Supplementary Figure 1 Dnmt3afl/flLyz2-Cre mice have no abnormal differentiation of macrophages.

(a) Immunoblot analysis of Dnmt3a expression in mouse peritoneal macrophages from Dnmt3afl/flLyz2-cre and Dnmt3afl/fl mice stimulated with LPS for the indicated time. (b) Cell counts of peritoneal macrophages in Dnmt3afl/flLyz2-cre and Dnmt3afl/fl mice. (c and d) FACS analysis of F4/80, CD11b expression in Dnmt3afl/flLyz2-cre and Dnmt3afl/fl peritoneal macrophages. Data are representative of three independent experiments with similar results (a,c,d) or are from three independent experiments (b; means ± s.e.m.).

Supplementary Figure 2 Knockdown of Dnmt3a impairs TBK1-dependent production of type I interferons.

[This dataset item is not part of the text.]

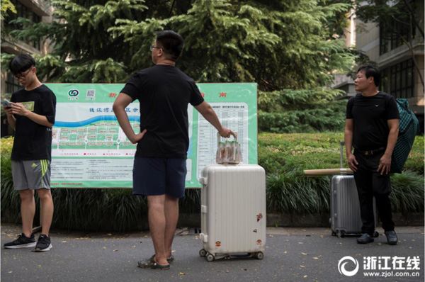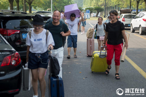 9月6日,又到一年開學季,下沙各高校校園內(nèi)堪比春運現(xiàn)場。校園里家長人數(shù)甚至超過了學生,最重的行李也往往都在父母的肩膀上。父母們不遠千里來送孩子上學,幫孩子背行李、代辦手續(xù)、打掃寢室衛(wèi)生,忙得不可開交。有的高校也在校園里豎起了讓孩子獨立的宣傳語。(浙江在線記者 馮賀 張孫超 見習記者 奕婷婷 攝)

(a) Q-PCR analysis of Dnmt3a mRNA expression in peritoneal macrophages 48hr after transfection with Dnmt3a siRNA. (b) Immunoblot analysis of Dnmt3a expression in peritoneal macrophages treated as in a. (c) Q-PCR analysis of IFN-β, IFN-a, TNF and IL-6 mRNA expression in Dnmt3a-knockdown peritoneal macrophages infected with VSV, SeV, HSV-1 for 8h or analysis of IFN-β, IFN-a, TNF mRNA expression in Dnmt3a-knockdown peritoneal macrophages stimulated with LPS, Poly(I:C), CpG ODN for 2h, or analysis of IL-6 mRNA expression in Dnmt3a-knockdown peritoneal macrophages stimulated with LPS, Poly(I:C), CpG ODN for 4h. (d) ELISA assay of IFN-β, IFN-a, TNF and IL-6 in supernatants of Dnmt3a-knockdown peritoneal macrophages infected with VSV, SeV, HSV-1 for 12h or stimulated with LPS, Poly(I:C), CpG ODN for 8h. (e) Q-PCR analysis of IFN-β, IFN-a mRNA expression in L929 cells stably expressing a shRNA against GFP or STING transfected with a shRNA against Dnmt3a (shDnmt3a) or Control (shCtrl) and 36hr later infected with VSV, SeV, HSV-1 for 8h. * P < 0.01. (two-tailed Student’s t-test). Data are from three independent experiments (a,c,d,e; means ± s.e.m.) or are representative of three independent experiments with similar results (b).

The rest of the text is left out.